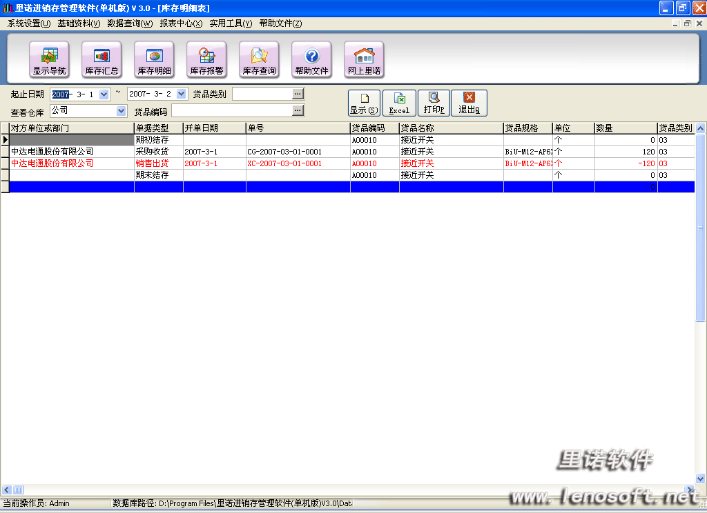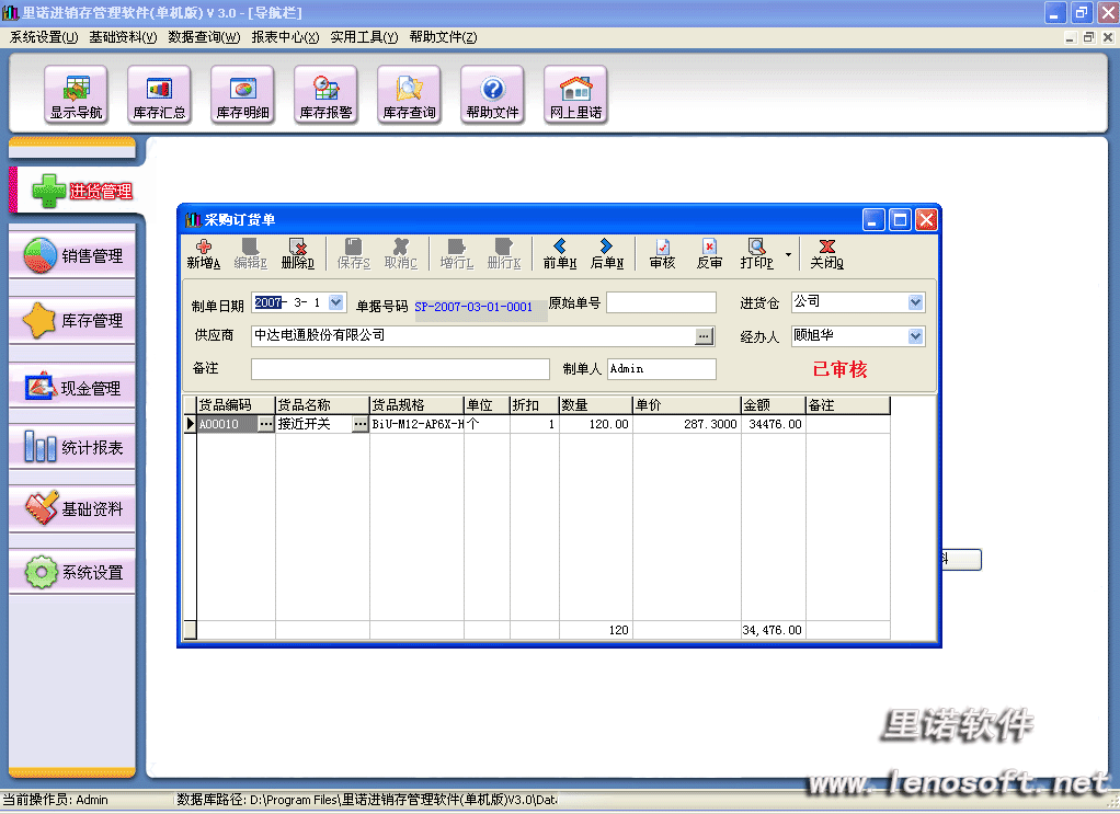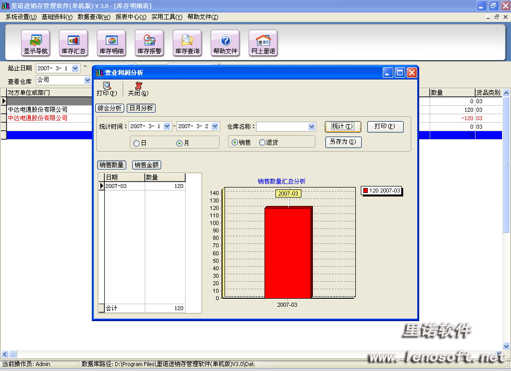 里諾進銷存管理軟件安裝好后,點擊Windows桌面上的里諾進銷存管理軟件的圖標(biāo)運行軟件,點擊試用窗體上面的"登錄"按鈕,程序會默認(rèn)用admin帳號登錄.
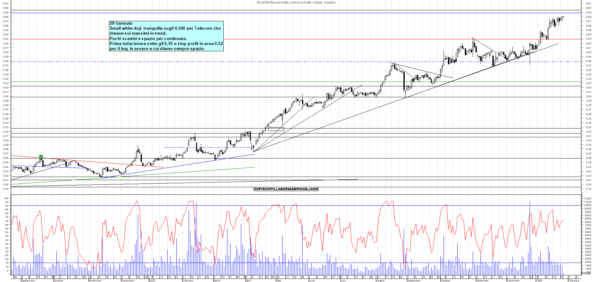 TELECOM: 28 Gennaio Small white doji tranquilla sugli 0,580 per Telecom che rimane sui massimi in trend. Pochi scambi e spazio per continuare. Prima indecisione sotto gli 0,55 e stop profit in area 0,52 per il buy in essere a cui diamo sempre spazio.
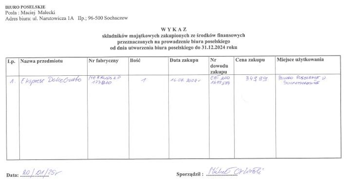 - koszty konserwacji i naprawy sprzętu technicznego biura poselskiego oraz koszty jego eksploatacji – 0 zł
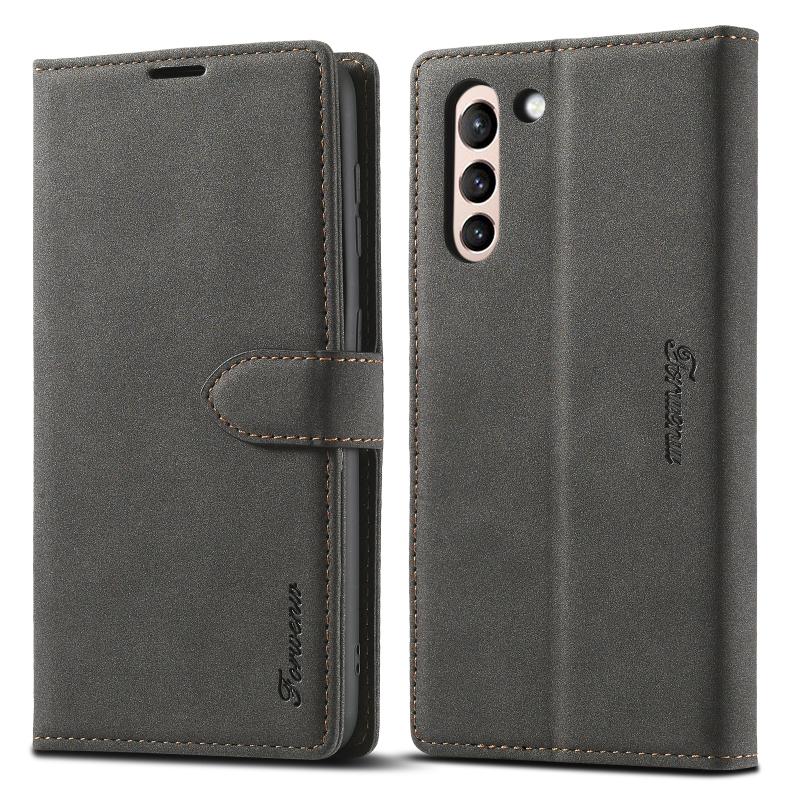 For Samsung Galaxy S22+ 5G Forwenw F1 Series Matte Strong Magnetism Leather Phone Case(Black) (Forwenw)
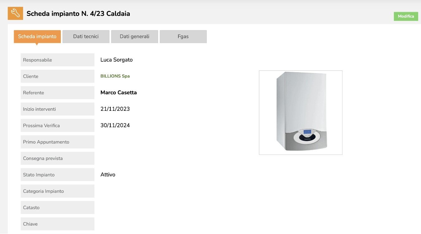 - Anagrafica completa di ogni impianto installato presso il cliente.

• • •

AIM OF THE TASK:
Return the material from above in full, exactly as written, with the pictures omitted.

RESULT OF THE TASK:
 里諾進銷存管理軟件安裝好后,點擊Windows桌面上的里諾進銷存管理軟件的圖標(biāo)運行軟件,點擊試用窗體上面的"登錄"按鈕,程序會默認(rèn)用admin帳號登錄.
 TELECOM: 28 Gennaio Small white doji tranquilla sugli 0,580 per Telecom che rimane sui massimi in trend. Pochi scambi e spazio per continuare. Prima indecisione sotto gli 0,55 e stop profit in area 0,52 per il buy in essere a cui diamo sempre spazio.
 - koszty konserwacji i naprawy sprzętu technicznego biura poselskiego oraz koszty jego eksploatacji – 0 zł
 For Samsung Galaxy S22+ 5G Forwenw F1 Series Matte Strong Magnetism Leather Phone Case(Black) (Forwenw)
 - Anagrafica completa di ogni impianto installato presso il cliente.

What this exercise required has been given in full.